His name was Theodore Wilmer. In earlier years, he was clerk in the large mercantile house of Rensselaer, Wykoff & Co., in New York. Being a young man of intelligence, good address, and good principles, he was much esteemed, and valued by his employers, who took some pains to introduce him into society. In this way he was brought into contact with some of the first families in New York, and, in this way, he became acquainted with Constance Jackson, the daughter of a wealthy merchant. Constance was truly a lovely girl, and one for whom Theodore soon began to entertain feelings akin to love.

Mr. Jackson, (the father of Constance,) was the son of a man who had begun life in New York, at the very bottom of fortune’s wheel. He was a native of Ireland, and came to this country very poor. For some years, with his pack on his back, he gained a subsistence by vending dry-goods, and unimportant trifles, through the counties and small towns in the vicinity of New York. Gradually he laid up dollar after dollar, until he was able to open a very small shop in Maiden Lane, a kind of thread-and-needle store.
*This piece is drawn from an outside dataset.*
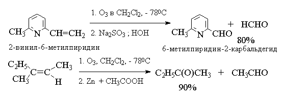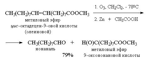 Реакция алкенов с озоном является наиболее важным методом окислительного расщепления алкенов по двойной связи. В течение многих десятилетий эта реакция служила основным методом определения строения исходного углеводорода, а также находила применение в синтезе разнообразных карбонильных соединений. Реакция алкена с озоном проводится пропусканием тока ~5%-ной смеси озона и кислорода в раствор алкена в хлористом метилене или этилацетате при -800
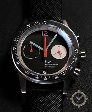Eine Chronograph-Uhr mit einem 30.5mm Gehäuse im Vintage-Stil gefertigt aus Edelstahl mit einem Zifferblatt in schwarz und einer besonderen "matte"-Oberfläche.

Careful in his purchases, and constant in his attendance on business, he soon began to find his tens counting hundreds; and but few years rolled away, before his hundreds began to grow into thousands. After a while he took a larger store, and suddenly became known. and respected as “a merchant.” At the end of twenty years from the time he carried his pack out of New York, he could write himself worth fifty thousand dollars. Success continued to crown his efforts in business, and when his children came on the stage of active life, they were raised to consider themselves as far superior to mere mechanics, or those who had to labour for their daily bread.

The father of Constance was the eldest son of old Mr. Jackson, and inherited from him a large share of haughty pride. His wife was out of a family with notions equally aristocratic. Constance was their only child, and they had bestowed no little care in endeavouring to make her the most accomplished young lady in New York. They loved her tenderly, but pride divided with affection their interest in her. She had already declined the hands of two young men of the first families in the city, much to the displeasure of both her parents, when she met Theodore Wilmer, who resided in the family of Mr. Wykoff, partner in the house that employed the young man in the capacity of clerk. In this family, Constance visited regularly, and the intimacy which sprung up between the young couple, had a chance of maturing into a more permanent affection, before Mr. or Mrs. Jackson had the slightest suspicion of such an event. Indeed, the first knowledge they had of the real state of affairs was obtained through Wilmer himself, in the form of an application for the hand of their daughter. It was made to Mr. Jackson, on whom it fell with the unexpected suddenness of a flash from a clear sky in June.